Now two entries are needed:

/tmp/fs0  /izo0      InterMezzo loop,volume=shared,prestodev=/dev/intermezzo0,\
                     mtpt=/izo0,noauto 0 0
/tmp/fs1  /izo1      InterMezzo loop,volume=shared,prestodev=/dev/intermezzo1,\
                     mtpt=/izo1,noauto 0 0

Then mount the two InterMezzo directories:

mkdir /izo0; mount /izo0
mkdir /izo1; mount /izo1

The lento acting as the server can be started as before:

./lento.pl

The lento acting as the replicator has to be told which sysid file, and which presto device to use. It is started as follows:

./lento.pl --sysid=muskoxA1 --prestodev=/dev/intermezzo1

4. How does InterMezzo work?

InterMezzo was heavily inspired by Coda, and its current cache synchronization protocol is one of the many protocols that Coda supports. It is likely not the best for every situation but it is as simple as we could make it.

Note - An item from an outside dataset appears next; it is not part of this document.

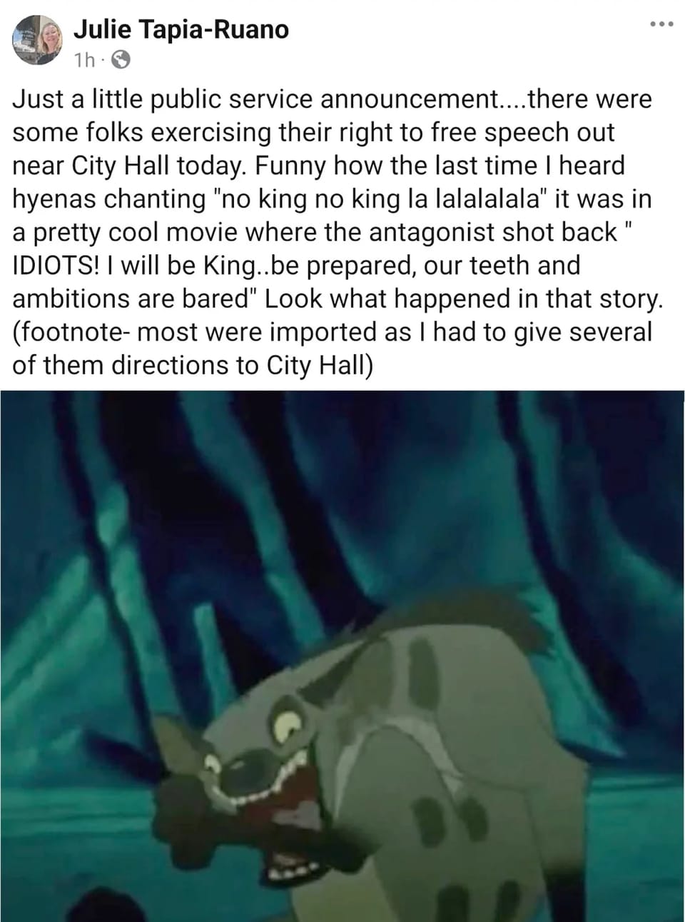“Just a little public service announcement,” said commission seat 3 candidate Julie Tapia-Ruano. “There were some folks exercising their right to free speech out near City Hall today. Funny how the last time I heard hyenas chanting ‘no king no king la lalalalala’ it was in a pretty cool movie where the antagonist shot back ‘IDIOTS! I will be King..be prepared, our teeth and ambitions are bared’ Look what happened in that story. (footnote- most were imported as I had to give several of them directions to City Hall).”

InterMezzo's mechanisms are very different from those of Coda. We employ very different kernel code which maintains the cache in another file system (typically Ext2/Ext3/Reiser). The kernel code also uses the journaling support in the kernel to make transactional updates (with lazy commits) to the file space and update journals.

4.1 InterMezzo's protocol

The primary reason for keeping it simple is that we wanted to use it as soon as possible. It is also hoped that it will not be too confusing to the end user, as is frequently the case with advanced network file systems.

InterMezzo divides the file space up in volumes. Typically a volume is much larger than a directory and smaller than a full disk partition. Good examples of volumes might be /usr or someones home directory.

The typical event sequence for a volume in InterMezzo is as follows:

Creation

the volume is created on the server, possibly populated, possibly empty. The file server and the kernel on the server are now aware of the volume.

Client needs the volume

A client which needs the volume is told about the volume and its server. The client is added to the servers list of replicators of the volume and the server is made a replicator of the cache on the client. The volume is mounted on the client, and the client cache manager and kernel know about it.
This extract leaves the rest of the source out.